Romantic turmoil simmers in The Break Up Notebook: The Lesbian Musical, at The Beck Center 

Waiting to inhale: Tracee Patterson (left) smolders for an intrigued Jodi Dominick.
  • Waiting to inhale: Tracee Patterson (left) smolders for an intrigued Jodi Dominick.

It's been said that trying to forget someone you love is like trying to remember someone you never knew. And that is the heartrending impossibility at the core of The Break Up Notebook: The Lesbian Musical, now at the Beck Center.

The book by Patricia Cotter sketches out a fairly typical post-relationship dating arc (gay or straight; only the names of the bars change), with music and lyrics by Lori Scarlett and additional music by David Manning. Studded with interesting performances and a few intriguing pop and rock numbers (and one insufferable clunker), this energetic production is hampered by an overly loud orchestra that obscures some of the witty wordplay.

Thirtysomething Helen is the dumpee, left alone in her Los Angeles bedroom, wearing the dress of her departed lover of two-plus years. She is soon joined by a predictable support network consisting of her gay co-worker Bob and a butch-femme couple, Monica and Joanie, who are on their way to a commitment ceremony.

Helen works her way through a quick series of failed dating encounters, including a recovering-addict line-dance instructor (a "12-stepping two-stepper"), until she finally meets Frances. This quiet motorcycle chick, the roommate of a sexual powerhouse named Casey who almost blows Helen's doors off on a lousy first date, attracts Helen in a most compelling way.

In the demanding role of Helen, the vocally strong Jodi Dominick is loose and endearingly gawky. Although her attempts at wry humor seem forced early on, she relaxes into her role and manages to create a sympathetic character. She does this with a script that offers few insights into the kind of person Helen is, apart from her desire to hook up.

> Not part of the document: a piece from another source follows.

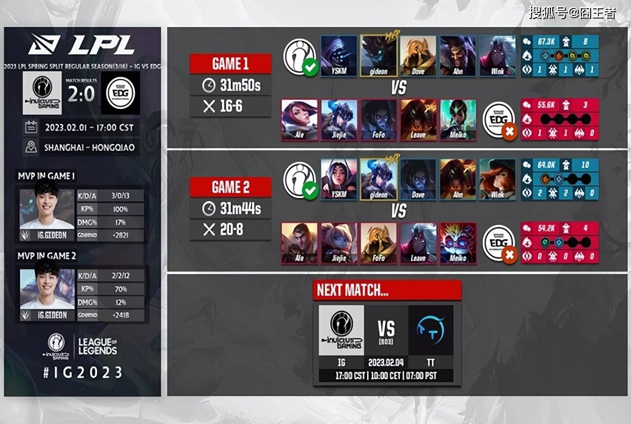 第二局比赛中,iG继续整活,再次祭出了双AD英雄走下路的玩法。结果这一局比赛,EDG依旧是被iG打得找不到北,下路再次被直接打穿。31分44秒,iG轻松零封EDG,斩获自己春季赛的三连胜,高居积分榜第一位!

The most riveting person onstage is Tracee Patterson, who imbues Frances with such a smoldering sexual intensity, it seems she might spontaneously combust at any moment. When she saunters up to Helen, it's as if a cougar is approaching a defenseless lamb.

Also excellent are Eric Van Baars as swishy Bob, Kayce Cummings as Casey and the "other woman," and Alison Garrigan as uptight, Paxil-popping gal pal Sheila. But as good as she is, even Garrigan can't save the show's worst tune, "Polynesian Dance," a supposedly comic ditty that lumbers on forever without triggering a chuckle.

Similarly, the play itself is too long, but it's worth the wait, since the last two songs, "Lucky, Lucky Me" and "Do It All Again" are tender, touching, and the best of the bunch. With some judicious editing in the middle and a dialed-down band, Notebook could be a gem.